Яйцо поднимает на него взгляд, затем снова смотрит вниз. Молча уставившись на книги на полу, оно напоминает выглядывающего из-за собственного круглого пузика детеныша орангутанга. В комнате царит мертвая тишина – Айзек готов поклясться, что, проходя мимо, он слышит, как шуршат, отползая в сторону, старые, задубевшие листы бумаги на столе, и замечает, как подрагивают развешанные по стенам рамки. Айзек вздыхает и оглядывается в кабинете. Он позволяет себе это сделать впервые за долгое время. В конце концов, это было ее пристанище – нечего ему тут оглядываться. Айзек всегда считал себя приверженцем творческого беспорядка и в рабочем пространстве не нуждался. Он раскидывал наброски по всему дому, а лучшие свои иллюстрации и вовсе создавал на водруженной на коленку книге, коротая время в автобусах, перекусывая в забитых кофейнях или скрючившись на диване перед телевизором. А Мэри? Мэри любила порядок – и кабинет был ее цитаделью.

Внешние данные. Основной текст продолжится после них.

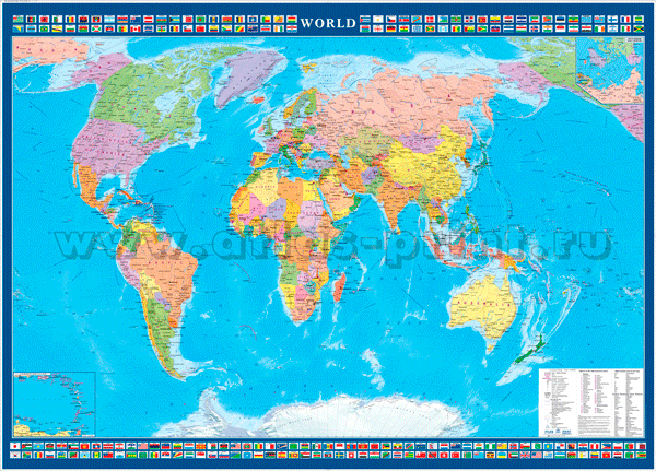 Настенная политическая карта Мира на английском языке World с флагами стран 1,43*1,02 м. Мелованная бумага с ламинированием. Цветом показаны все страны Мира, подписаны названия столиц.

Яйцо снова поднимает глаза на Айзека и, приподнимаясь на цыпочки, пытается проследить за его взглядом. Они вместе осматривают кабинет Мэри – как будто оба видят его в первый раз. На стене висят три рамки, в которых красуются обложки трех опубликованных плодов их творческого союза. Первой в ряду идет «Это не собака», посередине приткнулся «Поддон-под-Лондон», замыкает эту скромную вереницу книга под названием «Фред строит ферму». Они оставили место для еще одной обложки, рассчитывая, что к выходу своего пятого детища успеют переехать в дом побольше. Айзек сверлит взглядом пустующее место на стене, предназначенное для обложки их четвертой книги. Словно погрузившись в транс, он делает пару шагов вперед и садится за стол Мэри. Гидравлическое кресло натужно вздыхает, будто чувствует в нем самозванца. Он этого не замечает. Он безотрывно смотрит в экран ожившего при его появлении компьютера – на пейзажную заставку с каменным мостом.
Не с тем, что перекинулся через реку в ближайшем к их дому лесу. С другим. С
Память Айзека удивительным образом проясняется, как будто разговор с доктором Аббасс высвободил один из застрявших в извилинах осколков его разума. Он почти ощущает порывы взвивающегося от воды ветра и морозные поцелуи ледяного воздуха на носу и щеках. Но весь окружающий мир нем в его воспоминаниях. Он не слышит ни рева несущейся под мостом воды, ни шелеста взъерошенных ветром крон деревьев. Только себя и Мэри. Как давно это было? Год назад? Больше? Они вдвоем стояли на мосту, а вокруг вздымались побелевшие от снега холмы. От их обычно ржаво-коричневых покатых боков не осталось и следа – простирающиеся на мили вокруг хайлендские нагорья обратились в однообразный пейзаж мертвенно-ледяных дюн. Не более ледяных, чем царящая на мостике атмосфера. И почему этот разговор не дает ему покоя?
– Если бы все было хорошо, тебе не пришлось бы меня успокаивать, – пробормотал Айзек.